In the period from the passing of the Toleration Act in 1689 to the mid-18th century, chapels start to become more architecturally assured, impressive, and distinctive. Given the general importance of the Bible and the sermon in nonconformity, it’s not surprising that Wakeling finds buildings influenced by the Georgian ‘preaching boxes’ of the Church of England. But his book also shows that the dissenters were much more adventurous with plan forms, especially towards the mid-18th century as the influence of preachers like John Wesley took hold – Chapels of England singles out some impressive octagonal and oval buildings.

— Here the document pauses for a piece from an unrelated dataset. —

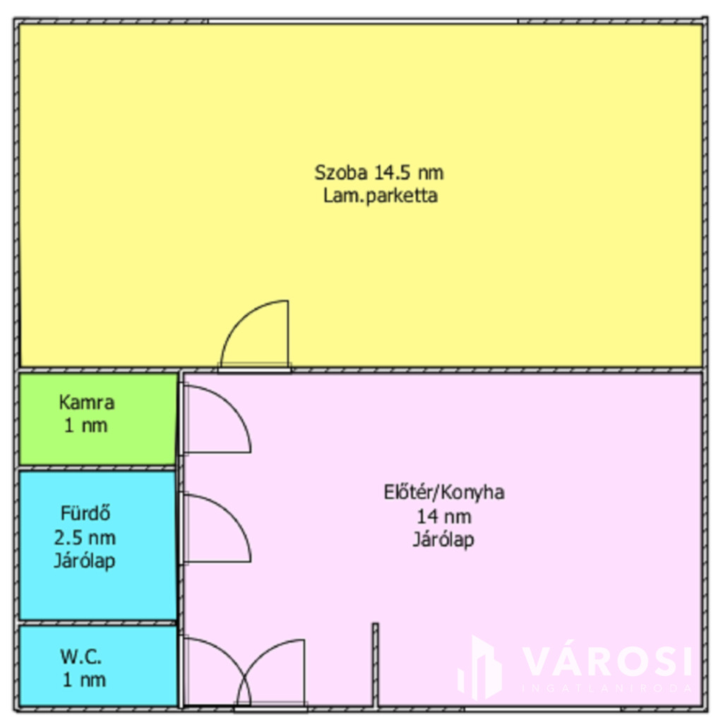 Helyiségei: 1 szoba, konyha, kamra, fürdőszoba, külön nyíló W.C.
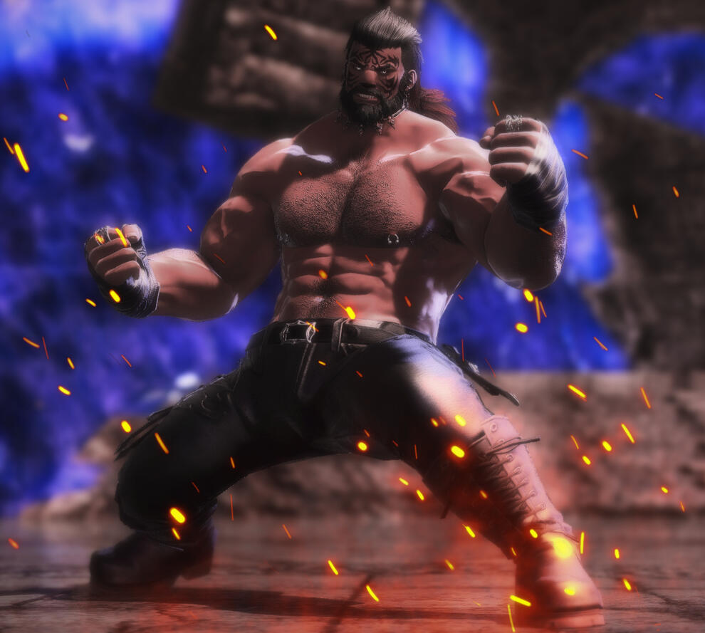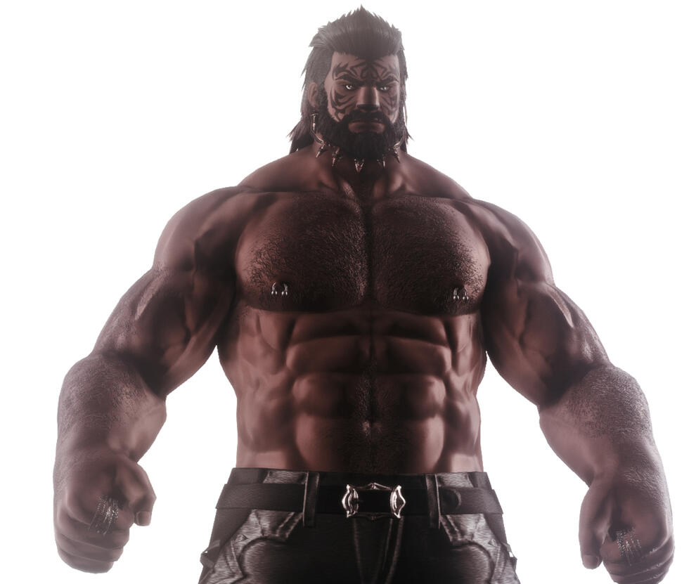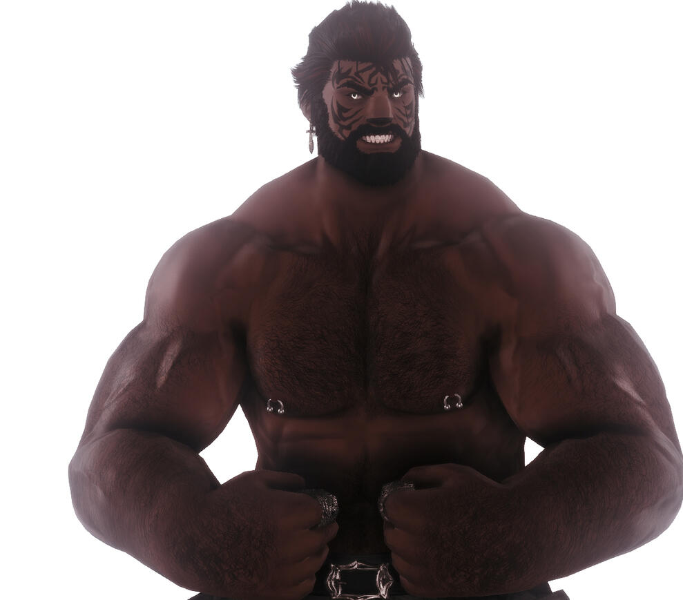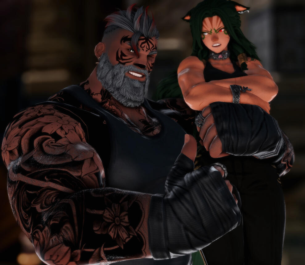 Hanmā no katamari was born from the locals mixing the name his mother gave to him and the name the locals grew to address him as.The name Mr. Chunk is from a misunderstanding from people calling him as such for whatever reason, eventually it just stuck. He doesn't like being called Mr. but sometimes you gotta roll with it.Weight: Somewhere around the area of 600 plus pounds. His muscles are huge and are not the result simply working out, but years upon years of fighting and working out in the world and eating absurd amounts of food. Boy does this man eat, hide your lasagna or suffer a shortage.Orientation: Straight. Doesn't give a crap about yours, that's your business not his.Relationship status: SingleHe has an adopted son Romura and two children with his ex-partner Divya De'ilja. Do due circumstances, he visits them when he can and does not have a hand in raising them.(If you desire to be involved with Chunk you can either do it via ingame through rp or contact me at [TheRubberDucky/therubberducky] on discord)Notables:- Severely scarred body and face like any long lived warrior or merc, from decades of wandering Eorzea, battles and constants fisticuffs.- Thick Graying hair on his head, with natural red streaks in it, big 'ol beard. Similarly thick body hair, he's a hairy lad.- Silver eyes, they shine but only in lowlight conditions.- Chunk puts minimal care into his presentation and appearance. He won't go out of his way to impress people with his looks and only does it for himself if he does. Others don't put food on his table, he does that himself.- He likes to antagonize and taunt people, usually for shits and giggles and rarely maliciously. He likes puns and corny jokes. He finds farting in a crowded room to be hilarious.- Overwhelming presence and stature. Chunk is genetically gifted, being taller than the average roe with thicker bones and thicker, denser muscles. In combination with his lifelong training up to the Present and workout regimen alongside his voracious appetite he manages to keep a girthy size and defined musculature.- Hasn't been sober in decades if he says he hasn't drank, he's lying.- A lifelong bouncer, he's seen it all, and has worked every kind of joint you can think of.- Relationships: If it happens, then it happens. He cares little for the idea of going out of his way to find someone who would mean something more to him. Do not think that he is trying to get into your pants just because he lightly flirts with you, he could care less and if he were that in need of it, he'd find a brothel. Go with the flow he'd say, despite this he does have a slight preference for viera.- While he has no problems discussing his past or family or what he does in his spare time. Those he has told could notice it's the same simple story with variations here and there but it all seems so rather simple does it not?. In truth it's a blanket to cover things he has done over the years, this man has a lot of blood on his hands and is no saint.- He likes to fight, a lot. He doesn't need a reason to fight you only a yes or a no will do, and he constant frequents many fight venues. He finds anyone who needs a reason to fight to be pretentious and full of themselves, why walk around in armor and carry lots of weaponry, talk big, talk shit, if you are not ready to show you can use them and back up your attitude at any moments notice?- Will do a job if money if placed in front of him with little questions, unless the job includes questionable morality.- Can throw or punt Lalafel a very far distance, just don't ask how he found out.- Aetherical resistance: What makes Chunk such a difficult opponent is not only his large size and natural toughness, but also his ability to essentially 'tank' magical attacks and the like. He is not immune to these things rather his resistance allows him to him to take the damage over time as it were. However this goes both ways, he equally resistant to supporting magic and healing, meaning he takes far, far longer to be healed through magical means. Chunk is aware of this, but he does not know how or why he is like this.- Due to a job he did wherein he almost died recovering an aetherical artifact in a cultist stronghold and some bullshittery involving voidsent magics, Chunk's beard is...not his own. Well it is 'his' beard but it's also not.. listen it's semi-sentient and he is in denial about it.- He has a semi-wild Jungle Couerl as a pet, while 9ft at the shoulder he considera her, named Anko, to be his wee baby.- Professions: Chunk has been trained by both rogue samurai and monks. Do not mistake this for being ill taught. While Chunk is no grandmaster of his crafts he is highly skilled, however finding out just how skilled this man is with his craft and abilities is near impossible as he fights he actively refuses to go out all in any fight, or situation unless he has no choice or he knows beforehand that it is needed.- Aether: Chunk has...well to be blunt massive amounts of aether/chakra. Much more than most people could feasibly maintain in thier body without it absolutely ripping them to shreds or consuming them. This had not always been the case, as he had normal levels growing up but the older he got the more aether/chakra he developed. This of course was never a good thing and more often than not attracted aether starved people or creatures to him. As a young adult like most people he gain too much aether/chakra he sought out to do something about it, however instead of looking for a outside vessel or releasing it here and there he sought out monks too be trained to be able to harness and control it, eventually creating two powerful seals (His earrings) to keep it in check. Once in a while other people are able to catch a glimpse of what he has hidden away, and to those that have Aether sight, he looks like a raging bolt of lighting contained within the body of a Roe.-Of course with such reserves of aether/chakra at his disposal he his capable of ver

Methodism’s great age of the late-18th and early-19th century has its own chapter, chronicling a time when rising populations and vigorous preaching led to many new chapels, including some outstanding large ones. Growth was especially strong in the Regency and early Victorian periods, by which time the first specialist architects of chapels, men like William Jenkins, James Fenton, and James Simpson, had emerged. Wakeling notes a variety of designs, with a trend towards Greek revival yielding in part to the rise of Gothic designs (the great classifier of Gothic styles, Thomas Rickman, was a Quaker). But the author is at pains to stress that it was not simply a question of the Gothic fashion taking over in the Victorian period: the picture was always one of stylistic diversity, within denominations and across the whole field. 

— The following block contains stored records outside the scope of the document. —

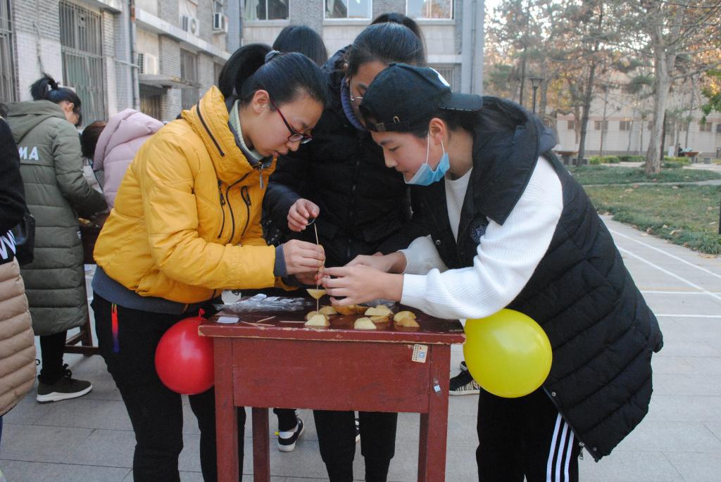 比赛分为三个环节,各个环节都十分精彩。第一环节是土豆叠叠战,由每班派出三人的队伍利用以切好的土豆块和牙签进行高度挑战,以高度来评分。第二环节是 “两人三足”,三支队伍为一组,每支队伍3人抽签决定组数,根据在相同距离所用时间长短来打分。第三环节为一分钟夹气球,在规定时间内夹气球数量最多者获胜,途中气球掉地则为重新开始。三个环节主要考验团队合作精神,合作越好得分越高,同学们认真进行每个项目,开心地和队友接受挑战。
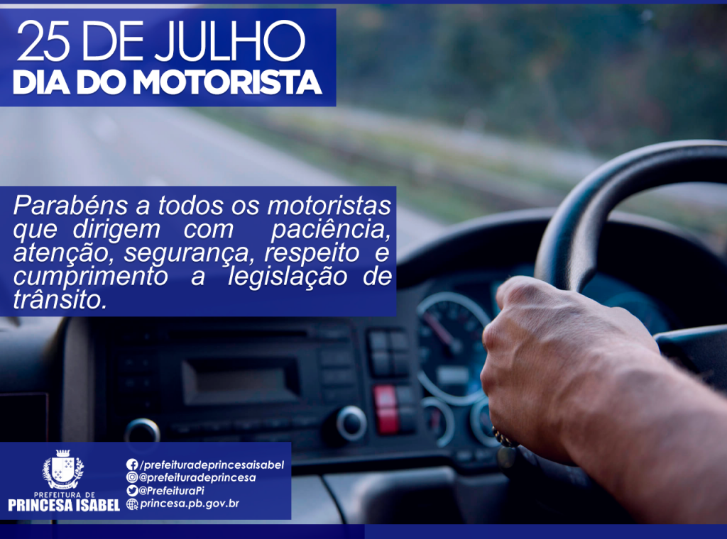 Hoje, 25 de julho, é também comemorado o Dia do Motorista. Os nossos cumprimentos a todos aqueles que exercem seu ofício com responsabilidade, consciência, disciplina e respeito. Vocês são imprescindíveis em qualquer área da nossa sociedade, carregando progresso e transportando sonhos.
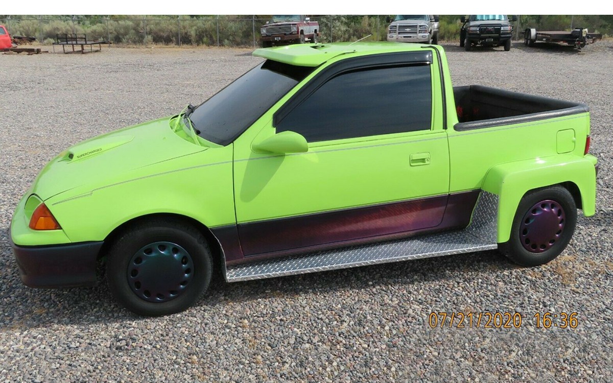 Ummm… so yeah. Well, this is an unusual one. How much time do I have left? (looking at the director) I actually thrive on oddball vehicles like this 1993 Geo Metro dually pickup, so when an anonymous Barn Finds reader sent in this tip I couldn’t resist. Thanks to whoever that was, I think. This unusual and tiny six-wheel hauler can be found here on eBay in Riverton, Wyoming, where I’m assuming that it stands out like Scotty G in shorts and black socks. The bid price is $4,900 already and you’ll have to get your bids in soon because the auction ends in less than a day! Let’s check it out.

And so the story continues through the period of continued renewal in the later 19th century, when one could find monster Classical town chapels, tiny Gothic wayside chapels, and Gothic town chapels that looked like Medieval churches being erected at the same time. By the end of the century an Arts and Crafts influenced style had been added to the mix, especially in suburbs and Garden Cities. By the time of World War I, it was evident that many of these structures were major buildings, and nonconformist architecture was being taken seriously in books like Joseph Crouch’s Puritanism and Art

Christopher Wakeling’s fine book, lavishly illustrated, clearly written, and underpinned by deep research, brings the story up to date, with a good selection of 20th-century chapels in styles from expressionistic Gothic to modernist. It does an excellent job of bringing all these buildings and the religious motivation for constructing them to life, illustrating their best points, and delineating some sort of pattern to the complex story of nonconformist architecture, a story that is also one of heterodoxy and variety.